Reputation: 707
I am trying to read in some sentences from a file that contains unicode characters. It does print out a string but for some reason it messes up the unicode characters
This is the code I have:
public static String readSentence(String resourceName) {
String sentence = null;
try {
InputStream refStream = ClassLoader
.getSystemResourceAsStream(resourceName);
BufferedReader br = new BufferedReader(new InputStreamReader(
refStream, Charset.forName("UTF-8")));
sentence = br.readLine();
} catch (IOException e) {
throw new RuntimeException("Cannot read sentence: " + resourceName);
}
return sentence.trim();
}
Upvotes: 2
Views: 2991
Reputation: 719576
The problem is probably in the way that the string is being output.
I suggest that you confirm that you are correctly reading the Unicode characters by doing something like this:
for (char c : sentence.toCharArray()) {
System.err.println("char '" + ch + "' is unicode codepoint " + ((int) ch)));
}
and see if the Unicode codepoints are correct for the characters that are being messed up.
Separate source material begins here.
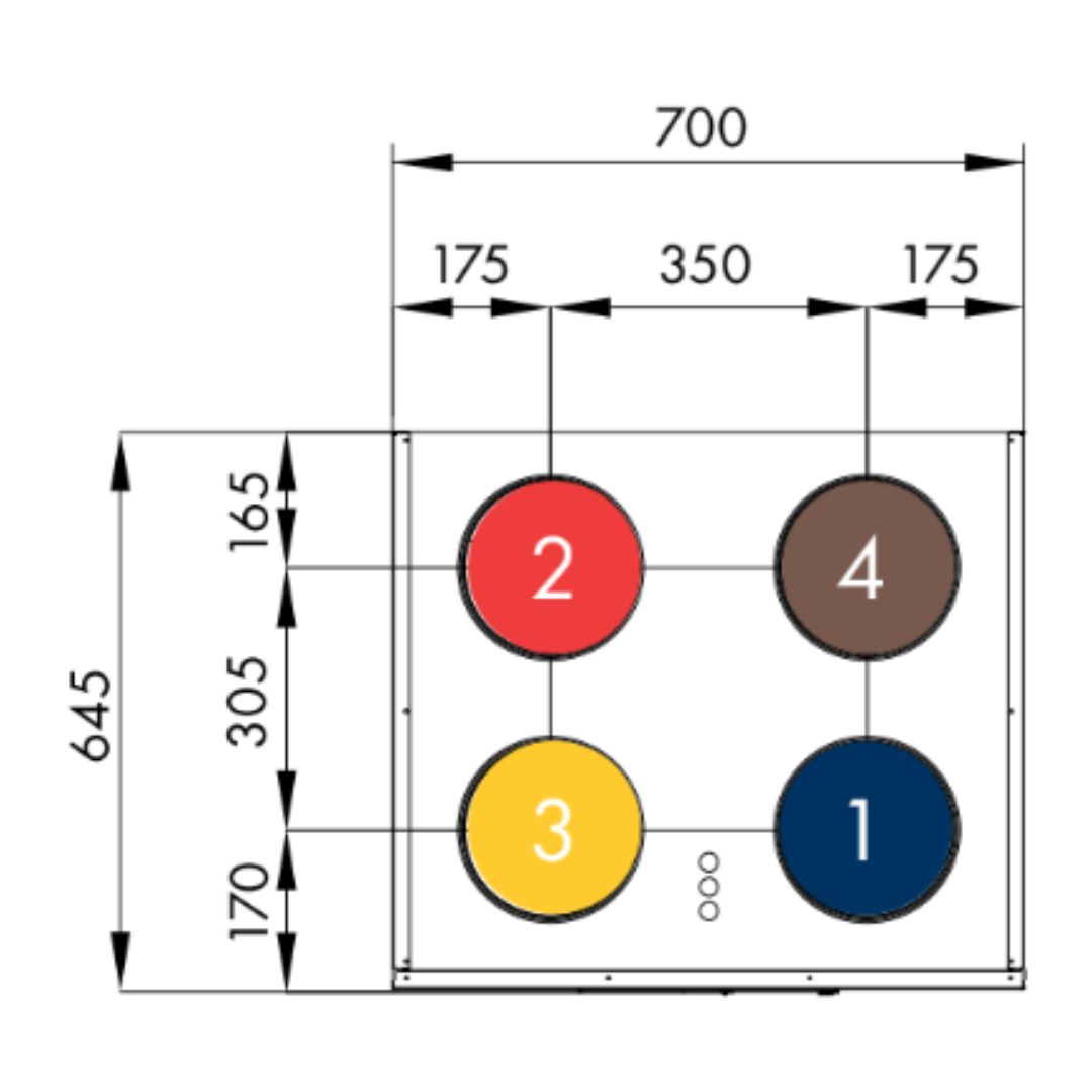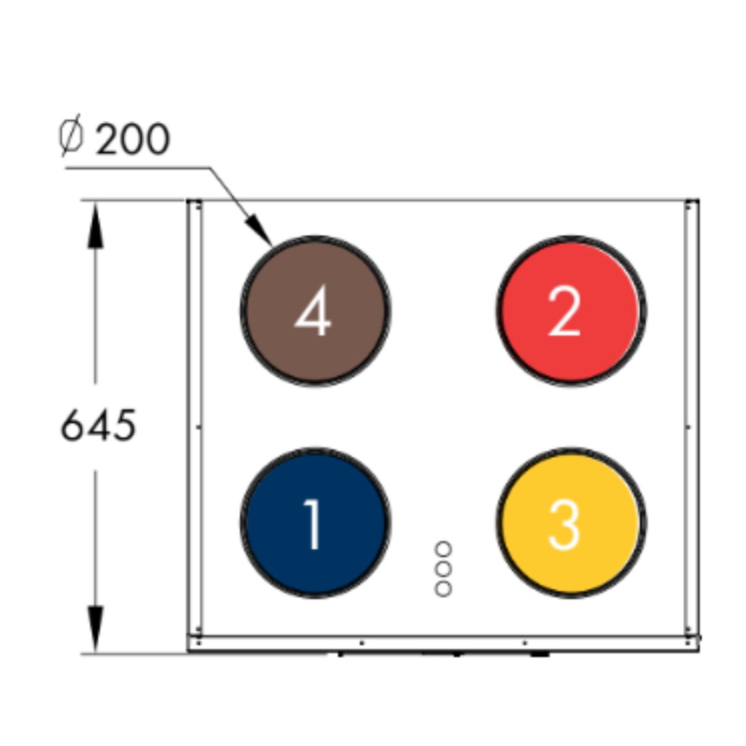 Średnice kanałów przyłączeniowych 4 x 200 mm

If they are correct, then the problem is output side: if not, then input side.
Upvotes: 2
Reputation: 66216
One of the most annoying reason could be... your IDE settings.
If your IDE default console encoding is something like latin1
then you'll be struggling very long with different variations of java code but nothing help untill you correctly set some IDE options.
Upvotes: 1
Reputation: 29600
First, you could create the InputStreamReader as
new InputStreamReader(refStream, "UTF-8")
Also, you should verify if the resource really contains UTF-8 content.
Upvotes: 1